REQUIRED WORK »
In the data below, set down exactly the lines from the one containing "Далее представлены ноты" up to and including the one containing "8月28日上午,外总教研室开". Leave the pictures out.

RECORDS SUPPLIED »
════════════════
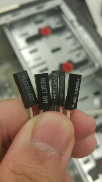 7. Alinee el conector de alimentación del panel frontal con la sección PWR de los encabezados del panel frontal de la placa base y conecte completamente.
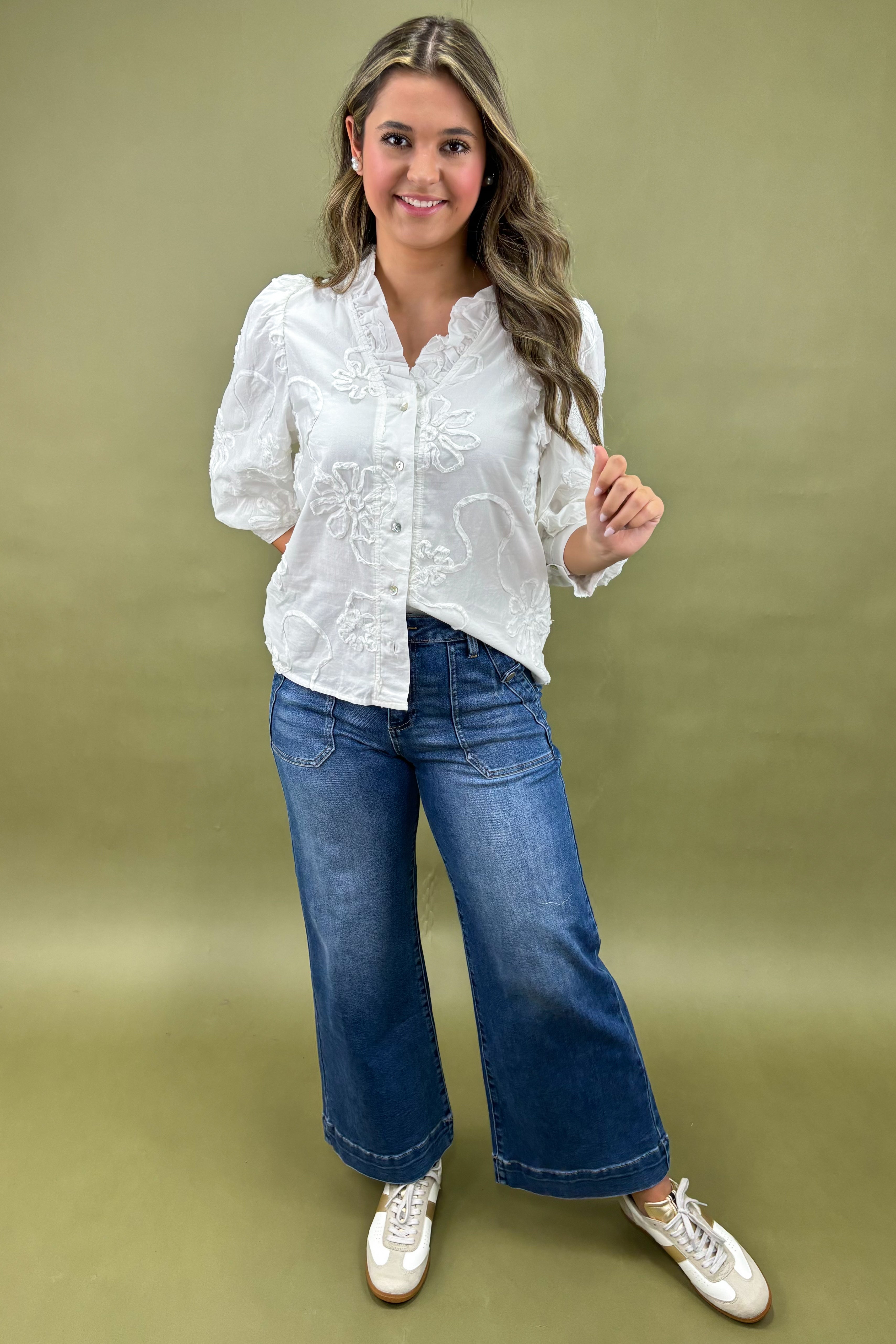 What makes this blouse truly stand out is its attention to detail. From the floral applique accents to the ruffled neckline that adds a whisper of vintage charm, every element feels intentional and thoughtfully designed. It’s the perfect balance between romantic and practical — you’ll look dressed up but feel completely at ease.
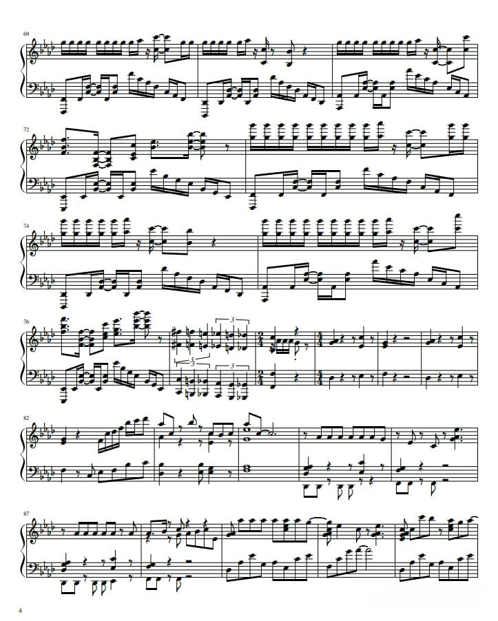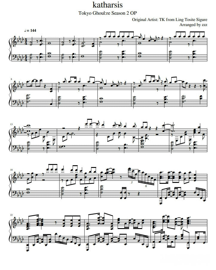 Далее представлены ноты опенинга «katharsis» для пианино под аранжировкой zzz:
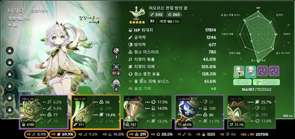 현재 제가 사용중인 나히다의 성유물과 능력치입니다. 수메르가 나오고 캐릭터 풀이 약하던 시절에는 변칙 파티로 가성비덱을 맞춰서 아주 요긴하게 사용했던 캐릭터가 풀의 신 나히다인데요.
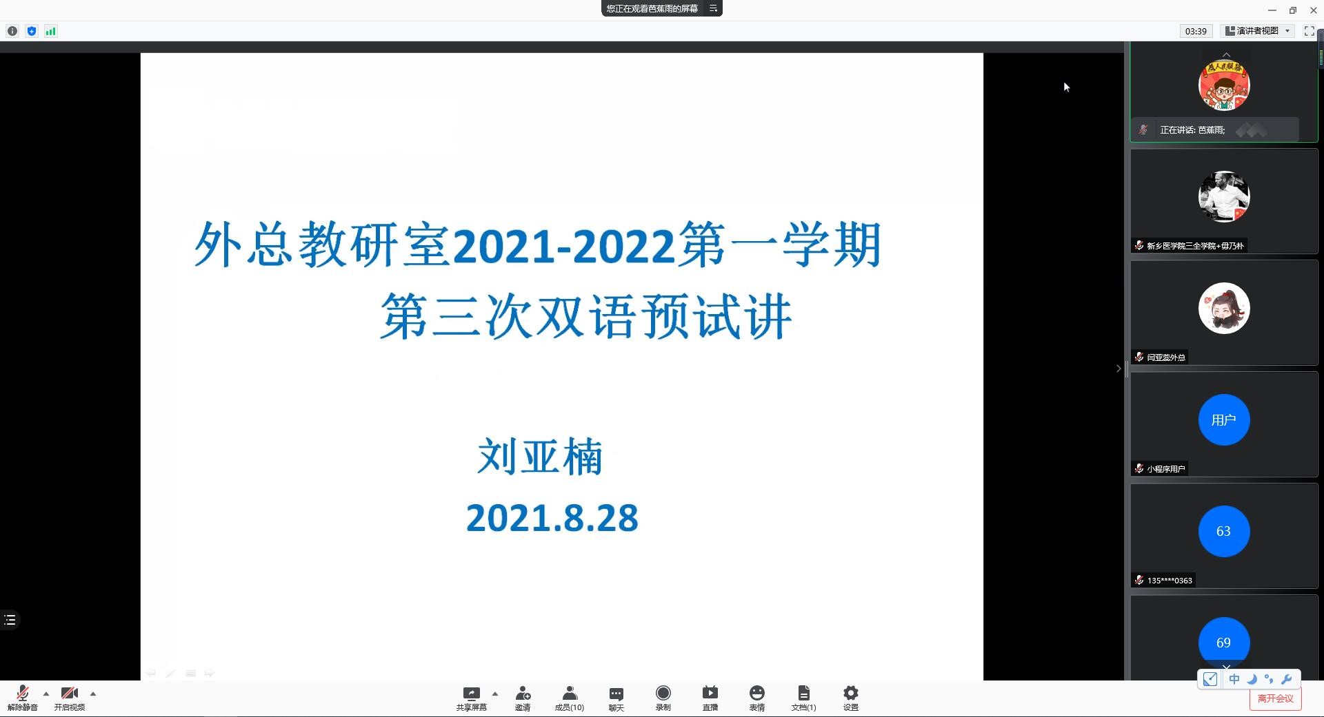 8月28日上午,外总教研室开展第4次线上集体备课及第3次双语预试讲活动,本次活动由外总教研室副主任朱光举主持,外总全体教师参加。
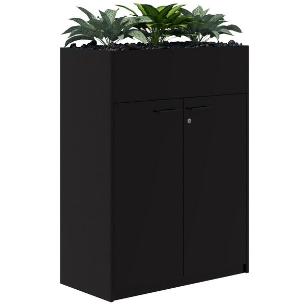Add a modern stylish piece of furniture to your space with this Fiord Lockable Storage Planter Hinged Door. It is made up of a lockable storage unit with a planter on top. The planter holds up to 3 artificial plants on a platform filled with polished black stones. Unit comes fully assembled but plants and stones need to be placed inside the planter box.
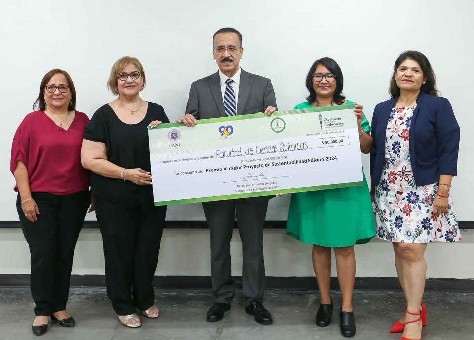 Los ganadores del concurso fueron acreedores de un cheque de 50 mil pesos, dinero que se obtuvo a través de campañas de reciclaje electrónico y se entregó en presencia de Sergio Fernández Delgadillo; Evangelina Ramírez Lara, directora de la Gestión Ambiental y Seguridad Operativa de la Secretaría de Sustentabilidad de la UANL; Yolanda Araceli Gracia Vásquez y Mónica María Alcalá Rodríguez, subdirectora administrativa y subdirectora académica de ingeniería química e ingeniería ambiental de la Facultad de Ciencias Químicas; así como Sandra Pioquinto García, en representación del equipo ganador.
════════════════
EXERCISE ANSWER »
 Далее представлены ноты опенинга «katharsis» для пианино под аранжировкой zzz:
 현재 제가 사용중인 나히다의 성유물과 능력치입니다. 수메르가 나오고 캐릭터 풀이 약하던 시절에는 변칙 파티로 가성비덱을 맞춰서 아주 요긴하게 사용했던 캐릭터가 풀의 신 나히다인데요.
 8月28日上午,外总教研室开展第4次线上集体备课及第3次双语预试讲活动,本次活动由外总教研室副主任朱光举主持,外总全体教师参加。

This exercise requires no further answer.